Acte III - Scène XI



Les Mêmes, Mongicourt, puis Gabrielle

Mongicourt (passant la tête par l'embrasure des rideaux de la baie et appelant à voix basse )
Eh ! Petypon ?

Petypon (bondissant )
Nom d'un chien, l'autre ! (Se précipitant vers Mongicourt, et bas.)
Oui, oui ! ça va bien ! je suis en train ! Va, je t'appellerai !

Mongicourt (à mi-voix )
Enfin, dépêche-toi !

Petypon
Mais va donc ! puisque je te dis que je suis en train !
(Il le repousse dans la pièce du fond.)

Le Général (qui rangeait les épées, se retournant )
Qu'est-ce que c'est ?

Petypon (se retournant vivement en tenant les deux rideaux fermés derrière lui )
Rien !… un malade !… un malade qui s'impatiente !… Oh ! il peut attendre !… c'est une maladie chronique !
(Il redescend et gagne n° 1 devant le canapé.)

Gabrielle (Voix de)
Dans le cabinet de monsieur ? Le Général ? Bon !

Le Général (allant à Petypon )
Oh ! on vient de ce côté !… Ca doit être ta femme. Tu ne vas pas recommencer comme tout à l'heure ?

Petypon (voyant entrer Gabrielle )
Nom d'une pipe ! Gabrielle ! v'là ce que je craignais !

Le Général (se retournant et reconnaissant Gabrielle )
Allons, bon ! encore la folle.

Gabrielle (allant, toute sautillante, jusqu'au général )
Vous m'avez fait demander, général ?

Le Général (avec un haussement d'épaules, passant devant Gabrielle et gagnant la droite )
Mais non, madame ! Mais non !

Petypon (faisant passer sa femme n° 1 )
Non, non ! c'est une erreur !… Va dans ta chambre ! va dans ta chambre.

Le Général (debout devant le fauteuil extatique, à part )
Il se tutoient !

Gabrielle (à Petypon )
Mais non !… Etienne m'a dit que le général me priait de venir dans ton cabinet.

Le Général (éclatant de rire )
Non ? Ah ! quel idiot ! (Se laissant tomber sur le fauteuil extatique en se tordant de rire.)
Il m'envoie madame Mon… Mongiletcourt…

Petypon (voyant le général sur le fauteuil )
Oh !

Gabrielle (devant le canapé )
Qu'est-ce qu'il dit ?

Le Général (tandis que Petypon en catimini s'élance derrière le fauteuil extatique )
… quand je l'ai chargé de faire venir madame Pet…
Le général reçoit le choc électrique et reste figé et souriant : c'est que Petypon, vivement, a frappé sur le bouton du fauteuil et que le fluide opère.

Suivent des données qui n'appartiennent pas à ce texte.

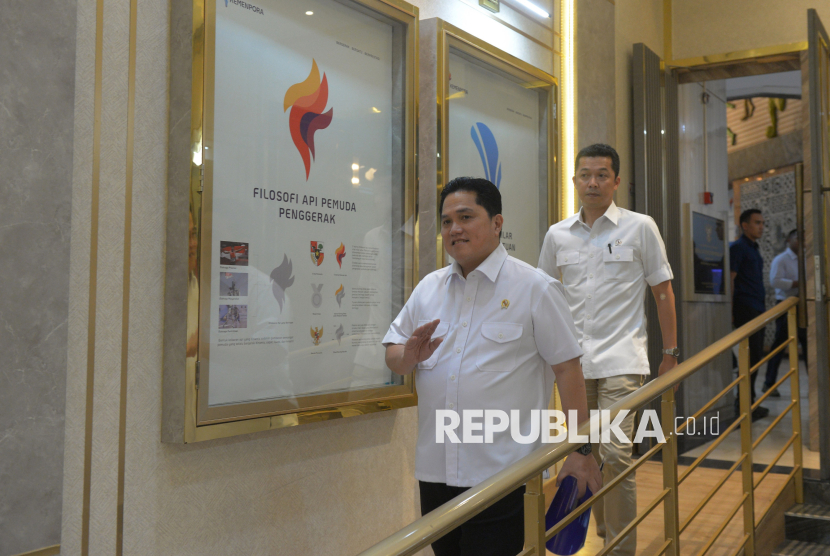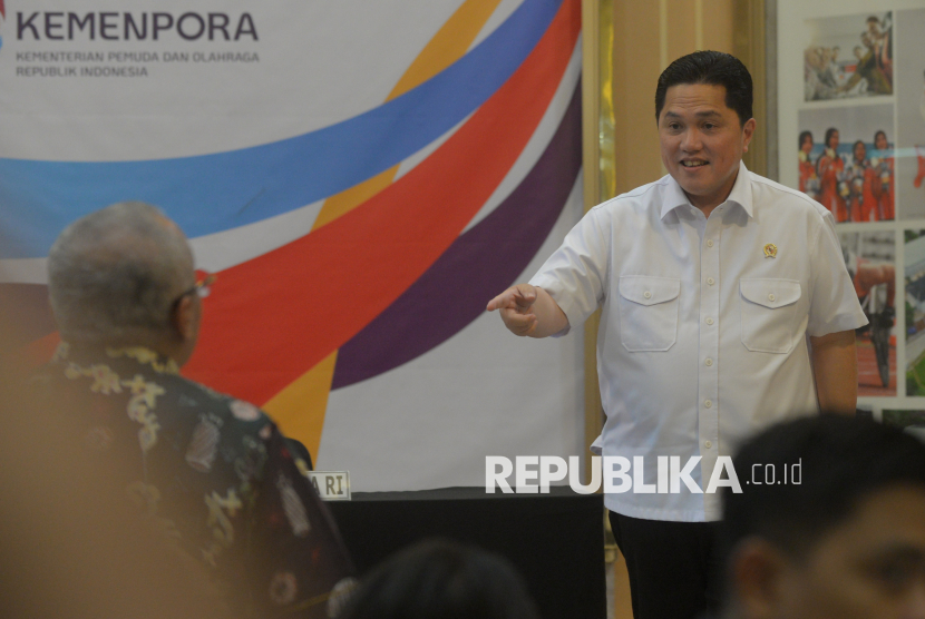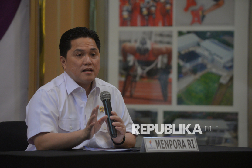 Menteri Pemuda dan Olahraga (Menpora) Erick Thohir usai memberikan keterangan pers terkait tanggapan pemerintah Indonesia terhadap pernyataan Komite Olimpiade Internasional (IOC) di kantor Kemenpora, Jakarta, Jumat (24/10/2025). Dalam kesempatan tersebut Erick Thohir mengatakan bahwa pernyataan Komite Olimpiade Internasional (IOC) kepada federasi internasional untuk tidak menggelar kegiatan olahraga di Indonesia bersifat rekomendatif atau imbauan. Selain itu, Erick menegaskan bahwa olahraga Indonesia tidak dibekukan oleh Komite Olimpiade Internasional (IOC), Indonesia tetap dapat mengirimkan atlet untuk berpartisipasi dalam ajang olahraga duni (FOTO : Republika/Prayogi)

Petypon (à part, tout en s'éloignant, de l'air le plus détaché du monde )
Ouf !
(Les pouces dans l'emmanchure du gilet, il gagne avec un air détaché jusqu'au-dessus du canapé et va s'asseoir sur le bras gauche de ce dernier.)

Gabrielle (qui n'a pas vu tout le manège de son mari, tournée qu'elle est vers l'avant-scène gauche, au bout de six ou sept secondes, étonnée de ne plus entendre le général, se retournant de son côté )
Ah ! mon Dieu !… le général ! vois donc !…
(Tout en parlant, instinctivement, elle s'est élancée vers le général.)

Petypon (sans se retourner )
Quoi ?

Gabrielle (à peine a-t-elle touché l'épaule du général, recevant la commotion )
Ah !
(Elle reste figée, le sourire aux lèvres, la main gauche sur l'épaule du général, la droite en l'air, le corps bien face au public. Un temps de quatre ou cinq secondes.)

Petypon (sans se retourner )
Eh ben ! quoi ? que je voie quoi ? (N'obtenant pas de réponse, il se retourne et apercevant sa femme en état d'extase.)
Gabrielle ! qu'est-ce que tu fais ?
(Il se précipite vers elle, instinctivement lui aussi, l'attrape par le bras, et, subissant le fluide, glisse à terre par la force de l'élan, et reste figé sur place, les jambes allongées parallèlement à la rampe, la main gauche tenant toujours le bras de sa femme ; la main droite appuyée à terre. Huit ou neuf secondes se passent ainsi. Se baser pour cela sur l'intensité et la durée de l'effet, attendre le descrescendo du rire.)